Description
Coordinator: Lydia Baan HofmanLecturers/workshop organizers: Tamara de Groot, Grâce Ndjako, Catherine Koekoek, Lev Avitan and the Erasmus School of Color, Setareh Noorani, Rae Parnell, Alessandra Arcuri, and Lydia Baan Hofman.
The canon of academic philosophy has increasingly come under scrutiny due to the ‘inclusivity question’. Taking the urgency of inclusivity as premised, what does it mean to make philosophical curricula more inclusive? Do we need to read primary texts by women, people of color, non-western thinkers? Do our teachers need to have diverse backgrounds? Do we need to change the norm of what good academic philosophy is so we can include non-canonical works?

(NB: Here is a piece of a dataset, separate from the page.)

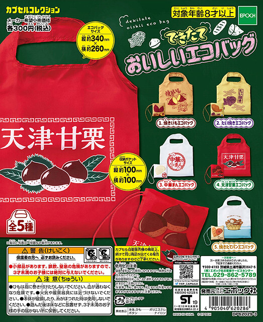 專門把各式有趣題材作為轉蛋出品的日本EPOCH (エポック)品牌,於9月開始發售實用度極高的「剛出爐的美食環保袋」轉蛋,共有5種款式,一轉300日元。

In this course we will relay these questions by exploring how more inclusive themes are put on the philosophical agenda and in what way. In 20th century philosophy we have already seen Arendt juxtapose Heidegger’s notion of ‘thrownness’ in the world with a notion of ‘natality’. Foucault scrutinized the many institutional and discursive mechanisms that produce and sustain a heterosexual norm. Crenshaw taught us that ‘oppression’ means something very different to poor black women than it does to the middleclass white women that advocate ‘women’s liberation’. Likewise, in this course we focus on the lived themes of situatedness and response-ability, of bodily thought, of colonizing norms and of visionary futures.
Rather than linking these newly introduced philosophical themes to identities as e.g. woman, queer and/or black, in this course we tie these themes to lived experiences. In some lives, specific themes like natality are much more central and urgent than in other lives – than in the lives of many canonical philosophers. We will discuss examples of how some of the neglected themes that are embedded in lived experiences have been or are being included in philosophical practice, thus expanding the philosophical agenda.
This introduction of lived themes also results in problematizing a mainstream ‘style’ or ‘method’ of philosophizing – presumed that philosophical content and form entangle. Everyday concrete experiences, transdisciplinarity, fiction and bodily experiments for instance permeate this kind of philosophical work more often. In each lecture there will be explicit attention to the implications that thinking about a new theme has for how we think. In workshops we will experiment with these alternative styles of philosophizing.